My requirements, listed by importance:
1) small memory footprint
2) high speed
3) low garbage generation
The application I'm working on runs continuously (24/7). I've
experimented a bit with pysqlite and Twisted to see which approach is
better suited (see attached example).
----
Question 1: I noticed that all of the Twisted based versions are very
slow compared to the plain sqlite3 test. This seems to be caused by
atomic transaction management, namely a commit after each insert.
Would be interested to know if there is a simple way to avoid this and
do my own transaction management (aka batch commit).
One other thing is the greatly varying amounts of garbage generated
(peak memory) and memory usage between the Twisted variants.
----
Question 2: I would have expected B (Twisted ADBAPI) to behave very
similar to C/E since I'm using a connection pool of size 1 and all
requests are queued and handled sequentially.
Could any of you please give me some pointers as to why this is happening?
----
Question 3: Even though objgraph lists the exact same reference count
once the code is ran, the amount of used memory greatly differs.
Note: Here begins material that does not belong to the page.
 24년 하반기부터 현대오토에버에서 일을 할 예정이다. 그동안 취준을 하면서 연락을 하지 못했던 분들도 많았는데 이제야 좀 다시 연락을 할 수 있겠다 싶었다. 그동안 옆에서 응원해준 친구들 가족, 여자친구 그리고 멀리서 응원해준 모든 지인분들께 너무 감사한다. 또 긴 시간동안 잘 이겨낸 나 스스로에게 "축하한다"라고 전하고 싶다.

Any
ideas what might be causing this?
Any suggestions and/or pointers on how to improve/do this are more than
welcome.
Thank you for your time,
Adrian
import gc
import objgraph
import os
import sqlite3
import sys
from time import sleep
from twisted.enterprise.adbapi import ConnectionPool
from twisted.internet import defer, task, reactor
def _removeFile(path):
try:
os.unlink(path)
except OSError:
pass
def plain_sqlite3(conn, rows):
query = 'INSERT INTO t (value) VALUES (1)'
cursor = conn.cursor()
for row in range(rows):
cursor.execute(query)
cursor.close()
conn.commit()
def adbapi(pool, rows):
query = 'INSERT INTO tw (value) VALUES (2)'
last = None
for row in range(rows):
last = pool.runOperation(query)
last.addCallback(lambda _: None)
return last
def inline_callbacks(pool, rows):
query = 'INSERT INTO tw (value) VALUES (3)'
@defer.inlineCallbacks
def do_insert():
for row in range(rows):
deferred = pool.runOperation(query)
deferred.addCallback(lambda _: None)
yield deferred
return do_insert()
def semaphore(pool, rows):
query = 'INSERT INTO tw (value) VALUES (4)'
semaphore = defer.DeferredSemaphore(1)
last = None
for row in range(rows):
last = semaphore.run(pool.runOperation, query)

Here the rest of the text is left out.